The average UK home peaked at £190,000 in September 2007 and is now 142 per cent higher, at £270,000.

The 10 slowest areas to recover were all in the North of England, which has since a recent price boom as priced-out southerners look further afield for more affordable, spacious homes.

London and its commuter towns accounted for the nine fastest areas to recover, all rebounding within five years of the crash and well surpassing previous price highs.

St Albans was the second fastest to recover, followed by Oxford, Cambridge, Woking and Guildford. Windsor and Maidenhead, Chichester and Brighton all also recovered in five years or less.

Ross Nichols, co-founder of home setup service Just Move In, said: “The housing market has exploded over the past year, but it’s sobering to think it’s taken 14 years for every part of the country’s property prices to recover to the levels they were before the 2008 crash.

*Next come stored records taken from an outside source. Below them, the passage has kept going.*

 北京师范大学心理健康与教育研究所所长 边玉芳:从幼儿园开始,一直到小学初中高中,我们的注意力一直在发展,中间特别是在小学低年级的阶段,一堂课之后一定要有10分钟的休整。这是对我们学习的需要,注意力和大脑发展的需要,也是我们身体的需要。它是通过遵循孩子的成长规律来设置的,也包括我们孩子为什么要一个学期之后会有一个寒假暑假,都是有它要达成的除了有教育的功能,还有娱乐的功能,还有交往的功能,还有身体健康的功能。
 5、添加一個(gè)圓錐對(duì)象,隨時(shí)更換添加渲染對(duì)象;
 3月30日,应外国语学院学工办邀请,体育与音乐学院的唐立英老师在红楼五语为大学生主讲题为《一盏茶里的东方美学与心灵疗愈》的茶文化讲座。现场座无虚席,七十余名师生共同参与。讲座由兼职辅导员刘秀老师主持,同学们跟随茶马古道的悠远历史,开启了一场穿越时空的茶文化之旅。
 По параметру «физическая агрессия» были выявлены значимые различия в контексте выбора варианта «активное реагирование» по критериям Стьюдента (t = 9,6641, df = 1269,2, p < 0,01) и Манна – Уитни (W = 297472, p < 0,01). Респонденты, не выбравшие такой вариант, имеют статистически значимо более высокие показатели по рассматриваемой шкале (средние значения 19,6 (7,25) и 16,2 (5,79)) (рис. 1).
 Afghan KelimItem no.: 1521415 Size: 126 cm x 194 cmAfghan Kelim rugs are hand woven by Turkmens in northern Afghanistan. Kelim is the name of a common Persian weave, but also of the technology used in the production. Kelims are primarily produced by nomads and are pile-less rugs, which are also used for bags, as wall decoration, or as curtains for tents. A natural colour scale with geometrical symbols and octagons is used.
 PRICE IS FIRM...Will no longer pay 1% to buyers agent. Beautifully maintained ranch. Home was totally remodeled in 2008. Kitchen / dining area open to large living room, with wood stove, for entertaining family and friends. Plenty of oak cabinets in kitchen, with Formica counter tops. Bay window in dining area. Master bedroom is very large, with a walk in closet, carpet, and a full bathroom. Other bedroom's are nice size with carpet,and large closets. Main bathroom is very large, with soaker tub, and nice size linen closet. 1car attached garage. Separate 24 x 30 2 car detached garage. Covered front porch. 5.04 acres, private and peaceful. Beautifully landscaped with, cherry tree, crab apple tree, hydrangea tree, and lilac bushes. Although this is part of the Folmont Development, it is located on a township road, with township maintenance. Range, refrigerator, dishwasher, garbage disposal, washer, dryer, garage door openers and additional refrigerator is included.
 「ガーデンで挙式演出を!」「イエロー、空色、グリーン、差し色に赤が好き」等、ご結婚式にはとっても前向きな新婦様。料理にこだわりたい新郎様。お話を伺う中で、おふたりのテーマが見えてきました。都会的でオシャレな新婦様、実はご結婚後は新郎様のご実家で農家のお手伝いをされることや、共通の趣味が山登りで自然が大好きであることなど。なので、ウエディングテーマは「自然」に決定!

“Hartlepool and Durham are the last two parts of the country to hit that level, while Blackpool and Middlesbrough only recovered in the previous month.

“There’s a North-South divide when it comes to the recovery, with London and other southern cities bouncing back quickly, while northern areas are still lagging behind.”

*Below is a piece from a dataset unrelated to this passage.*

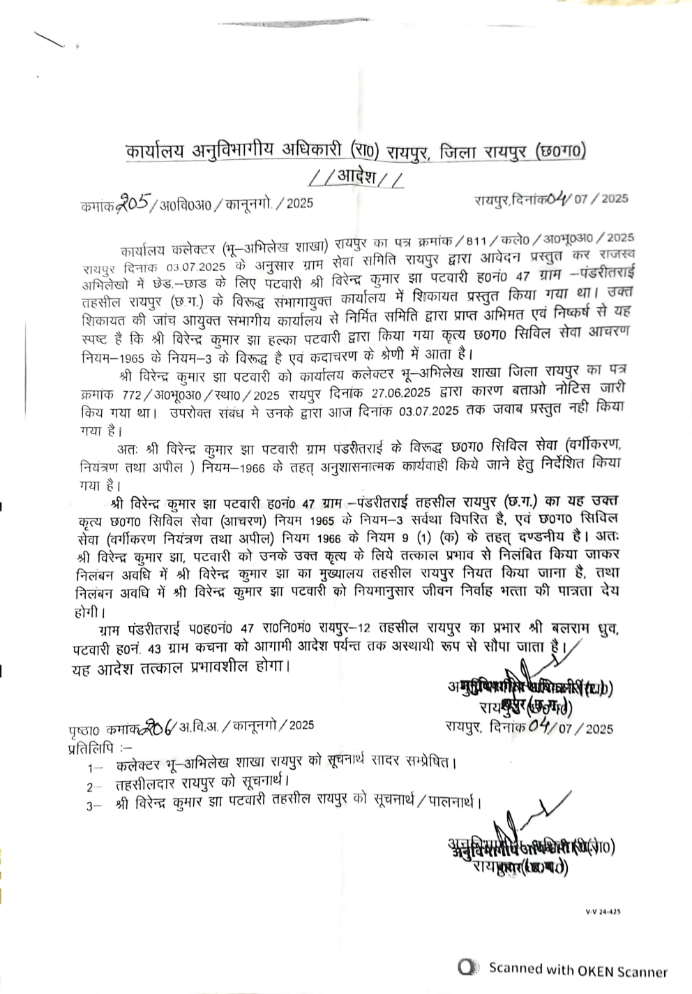 रायपुर: रायपुर में सरकारी और गैर-सरकारी जमीनों की अफरा-तफरी में शामिल एक पटवारी को कलेक्टर ने निलंबित कर दिया है। इस पटवारी ने चंद रुपयों के लालच में सरकारी रिकॉर्ड में न केवल हेरफेर किया था बल्कि नक्शा बिठाने,नापजोप और प्रमाणीकरण के मामले में भारी धांधली बरती थी। पीड़ितों ने मामले की शिकायत कलेक्टर से की थी। कलेक्टर रायपुर ने मामले की जांच के निर्देश दिए थे। पीड़ितों की शिकायत सही पाए जाने के उपरांत कलेक्टर ने पटवारी वीरेंद्र कुमार झा को फौरन निलंबित कर दिया है।

North-South house price divide set to narrow

The most recent forecast from Savills suggested this trend will change over the next five years.

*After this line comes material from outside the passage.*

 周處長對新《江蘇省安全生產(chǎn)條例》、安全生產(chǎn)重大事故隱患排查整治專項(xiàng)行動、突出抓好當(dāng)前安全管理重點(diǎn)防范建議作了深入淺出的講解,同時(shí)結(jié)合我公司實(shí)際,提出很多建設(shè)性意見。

The estate agent predicts that the north-south house price divide is set to close, with prices expected to rise 18.8 per cent in the North West and Yorkshire and Humber, compared with 5.6 per cent in London.

“Given where we are in the housing market cycle, the north-south divide in house prices looks set to close further over the next five years,” said Lawrence Bowles, director of residential research at Savills.

“There remains more of an affordability cushion beyond London and the South., The Government’s levelling-up agenda has the potential to accelerate a rebalancing of the market, but only if it gains meaningful traction.”

“The potential for price growth looks more constrained in the London mainstream market (+2% predicted in 2022), which has become increasingly confined to more affluent households.

“This reflects the extent to which London prices became dislocated from the rest of the UK housing market through strong price growth from 2005 to 2016, something so pronounced it is expected to still limit price growth across large parts of the capital a decade later.”

The Savills forecast says London house prices will be buoyed by the capital’s prime market.

Separate research from property analysts LonRes showed buyers spent a record-breaking £11.6 billion on prime London property in 2021, a result of a new emphasis on bigger and more expensive houses.

Marcus Dixon, head of research at LonRes said: “In 2021 buyers bought bigger and spent more. Total property spend exceeded £11.6 billion in 2021, the highest annual spend since LonRes records began in 2000. Over half this total went on houses. The value of houses sold topped £6.1 billion in 2021, 26 per cent higher than the previous record spend in 2014.